Evidently, different measures of ‘attention’ are affected by a lack of functional NK1R in different ways in both the 5-CSRTT and the 5C-CPT. These disparities could give important clues to the role of NK1R on each of these aspects of attention.

Perseveration

Perseveration by NK1R−/− mice was higher than wildtypes throughout the procedure, as in most of our 5-CSRTT studies [15], [38], [64], [65]; but see [11], [12]. It is unlikely that the increased perseveration of NK1R−/− mice is explained by a higher rate of non-specific motor responses because their hit rate did not differ from wildtypes. Also, there was no genotype difference in the responsivity index, during either training or the test session, as has been reported for ADHD patients [66], also, albeit not consistently (e.g. [47]).

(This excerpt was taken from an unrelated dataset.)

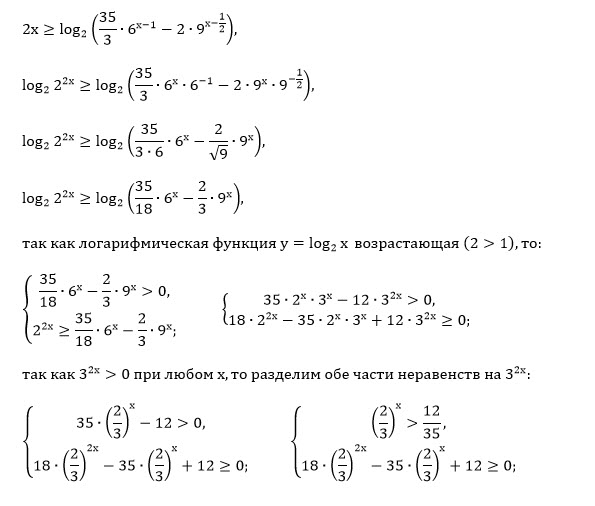 [m]log_{2}2^{2x}\geq log_{2}(\frac{35}{3}\cdot 6^{x-1}-2\cdot9^{x-\frac{1}{2}})[/m]

Isolation-reared rats similarly express increased perseveration in the 5-CSRTT and this was interpreted as reflecting cognitive inflexibility [67]. Some ADHD patients also express this behaviour in the Wisconsin Card Sorting Test [68] and Continuous Performance Tests [66] (e.g. [66]). In ADHD, perseveration is thought to reflect repetitive (compulsive) ‘checking’ to compensate for their attention deficit [69], [70]. Testing NK1R−/− mice in cross-species cognitive flexibility-specific tasks (e.g. [71], [72]) would help to interpret this element of the NK1R−/− mouse behavioural phenotype.

Summary

NK1R−/− mice did not exhibit excessive false alarms, compared with wildtypes (response disinhibition) but, as in the 5-CSRTT, they exhibited more perseverative responses throughout the 5C-CPT. These results suggest that a subgroup of ADHD patients with polymorphism of the TACR1 gene (the human equivalent of Nk1r) might similarly express more perseveration, but not false alarms, in Continuous Performance Tests. Furthermore, our findings point to certain procedural parameters, especially the latency and predictability of the light cue, that could be crucial for distinguishing the behavioural phenotypes of NK1R−/− mice and their wildtypes and, possibly, the characterisation of ADHD patients with polymorphism of the TACR1 gene.